Has anyone been able to temporarily work-around this problem?
Mar 1, 2010
#7 jjhel...@gmail.com
Another update.  I just noticed this post: http://groups.google.com/group/repo-
discuss/browse_thread/thread/d137c9e55e55542

I dropped down to a shell and run "git gc" on the problematic git repo as the gerrit2 
user and it fixed the problem.

Mar 2, 2010
#8 sop@google.com
Slipped to 2.1.3.  I want to get 2.1.2 out.
Labels: Milestone-2.1.3
Mar 2, 2010
#9 sop@google.com
(No comment was entered for this change.)
Labels: -Milestone-2.1.2
Mar 11, 2010
Project Member #10 ulrik.sj...@gmail.com
I have finally been able to recreate this problem!

1) Push a commit onto a git (the error occurs more likely if the commit is big (mine
was 800 megs from /dev/urandom).
2) Let the replication to the replication-server finish 
3) Clone the project from the replication server (make sure you are the FIRST person
to clone after the replication is done).
4) Ctrl-C the clone
5) You are now the proud owner of a broken git. (we heal it with 'git gc') cloning
the git again will give you something like this:

Initialized empty Git repository in /mnt/src/helloworld/helloworld/.git/
remote: Counting objects: 2765, done
remote: Compressing objects: 100% (2765/2765)
fatal: internal server error6/2765), 165.82 MiB | 11346 KiB/s   
fatal: The remote end hung up unexpectedly
fatal: early EOF
fatal: index-pack failed


Mar 12, 2010
Project Member #11 ulrik.sj...@gmail.com
Btw, forgot to add that the push in step 1) is to refs/heads/master.
Apr 9, 2010
#12 ern...@gmail.com
Is this still reproducible?
Apr 26, 2010
#13 sop@google.com
Re comment #10, when the replication is running is that
going over the system SSH, writing the objects directly
into the repository behind Gerrit's back?

I think its a red-herring that ctrl-c'ing that first
clone causes things to break for all subsequent users.

And I doubt 800 MiB is actually needed to trigger this.
What's probably happening is, your 800 MiB push contained
enough *objects* that it was over the 100 object limit and
was retained as a pack file, rather than being exploded to
loose objects.  And the Gerrit server failed to figure out
that a new pack file was available on disk.
Apr 26, 2010
Project Member #14 fredrik....@sonyericsson.com
Hi Shawn / Comment #11
Yes, we're replicating over OpenSSH.

The 800MiB example was mentioned as the safest way to reproduce the bug. But this is 
certainly not the only possible scenario, we see it quite often when we push more 
than one object as well.
The test we did, IIRC, was to check in one large 800MiB binary. I'm not sure what 
that means to git internally.. I thought it meant only one huuuuuuuuuge blob-object 
rather than many? (and then tree and commit objects, obviuosly.. still not hundreds?)

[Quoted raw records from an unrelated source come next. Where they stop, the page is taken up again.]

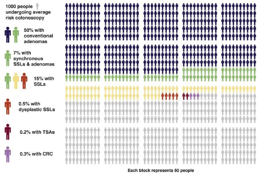 Считается, что около четверти случаев спорадического КРР (колоректального рака) происходит из-за зубчатых полипов, которые подразделяют на гиперпластические (HP), стелющиеся (SSL) и редко встречающиеся традиционные (TSA). Согласно новым критериям ВОЗ, теперь стелющиеся зубчатые полипы (аденомы) принято называть lesions, т.е. поражения (SSL). Они так мало похожи на аденомы и настолько не похожи на полипы, благодаря чему и название получили весьма неопределенное. Интересно, что распространенность SSL по новым данным достигает 22%. Еще пару лет назад этот показатель не достигал и 10%. Видимо, информированность коллег о проблеме стала приносить плоды. По данным ВОЗ, о синдроме зубчатого полипоза (SPS) говорят по меньшей мере 5 зубчатых полипов проксимальнее прямой кишки размерами 5 мм и более, 2 из которых не менее 10 мм. А также если у пациента 20 и более зубчатых полипов любого размера в разных отделах, из которых 5 проксимальнее прямой кишки. Стоит отметить, что в эти подсчеты входят все подтипы зубчатых полипов, т. е. и гиперпластические. Распространенность этого синдрома составляет 0,5%, но такие критерии, думаю, приведут к росту данного показателя. Однако, предостерегаю, не стоит путать его с истинным ростом заболеваемости.
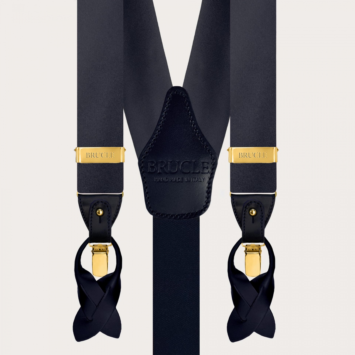 Men's navy blue satin silk suspenders: a classic model, perfect for ceremonies and formal events, crafted with the utmost attention to detail. Customizable with engravings.
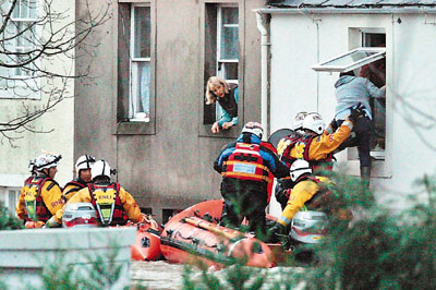 千年一遇洪水襲英倫 受困災(zāi)民爬上屋頂躲避(圖)
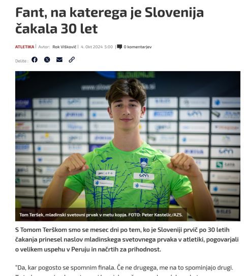 Tom Teršek, svetovni mladinski prvak v metu kopja, o selitvi na univerzo v ZDA
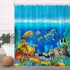 Ocean Duschvorhang Blau Duschvorhänge für Badezimmer Meerestier Polyester Unterwasserlandschaft Badezimmervorhang Set mit Haken
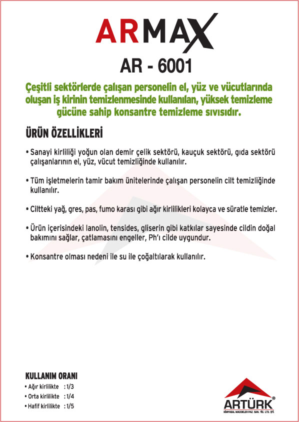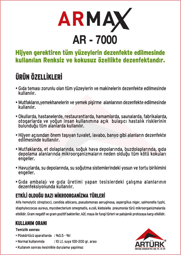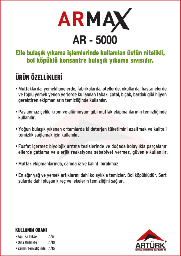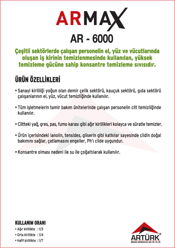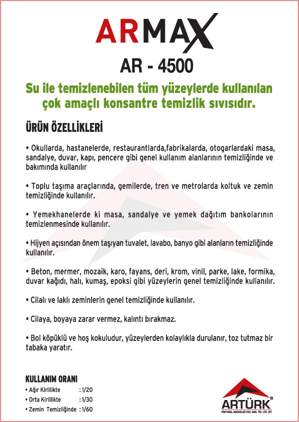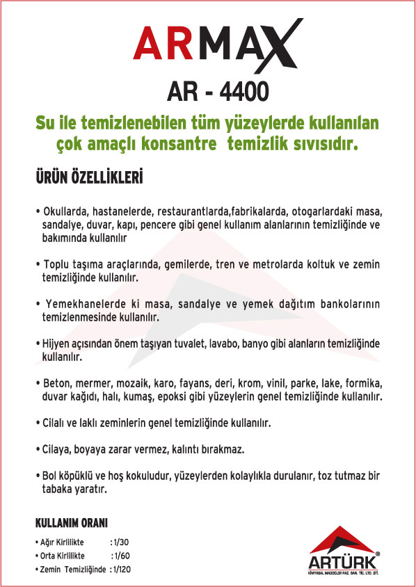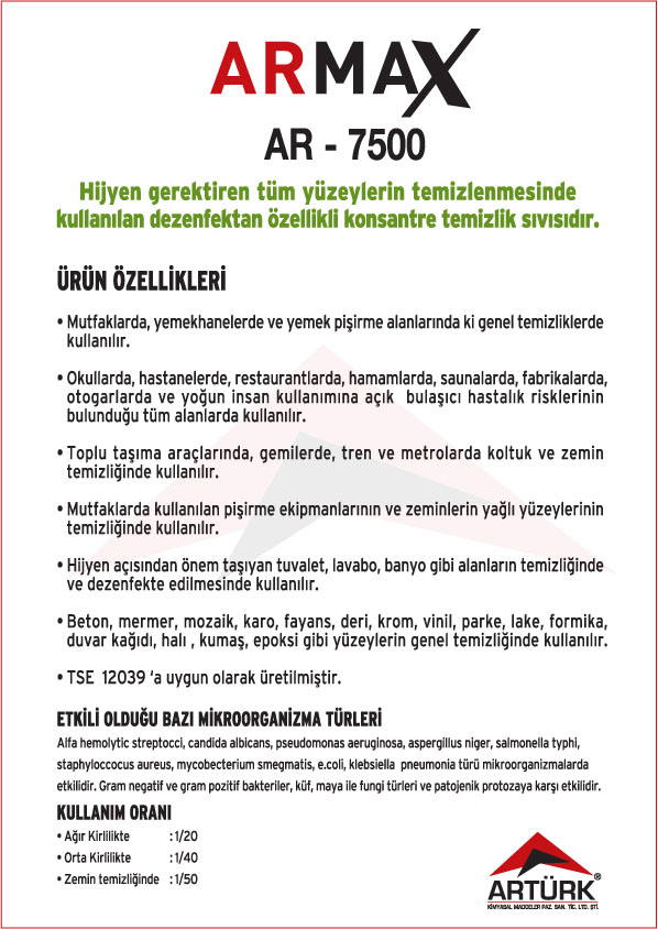 ARMAX Ürün Serisi ; Konsantre Dezenfektanlı Temizleyiciler, Konsantre Kokusuz Temizleyiciler, Konsantre Bulaşık Yıkama Sıvıları, Konsantre Genel Temizleyiciler,

I'd love to tell you more on the differences between when the sync completes versus 
when you ctrl-c it, but I was not around Ulrik and Ernst when they set about to 
reproduce it, and hence my answer is less useful than it could've been. They might 
add their own comments tormorrow morning, EU hours.
Hope it helps!
May 3, 2010
#15 ern...@gmail.com
Had any luck with this Shawn? Can you reproduce it if you follow the #10 steps?
May 3, 2010
#16 sop@google.com
Nope.  I spent about a day on it last week.  I wasn't able to reproduce by
following comment #10.  So I spent some time looking through this section
of code in JGit.  There is a possibly bad condition relating to a push into
Gerrit Code Review confusing a concurrent read.  I've posted patches for it
to JGit, and I see they got merged over the weekend.  I doubt they fix the
case described here though, because the push must occur over the Gerrit port
to trigger the condition.

My week this week is all messed up scheduling wise due to personal stuff that
I have going on right now.  But I plan to devote most of what I can this week
at work to looking at this problem more, maybe I'll have some flash of insight
if I stare at the code long enough.
May 4, 2010
#17 sop@google.com
Some notes from an IM session with an admin suffering from
this bug on their Gerrit server, against a Linux kernel repo:

Them> got again the false missing object exception, I do notice
    > one thing tho, almost all the time it's complaining about
    > the object that is the vanilla 2.6.33 commit (we initialize
    > all our branches to start from that)

Me  > ugh

Them> hi again, wtf, I just found out that we have disabled the
    > repack script sometime in March and are only running the
    > resync-all script every night so it would mean those problems
    > are not because of the external repacking

Me  > yikes
    > so the vanilla 2.6.33 commit went poof solely due to gerrit
    > adding new pack files during pushes.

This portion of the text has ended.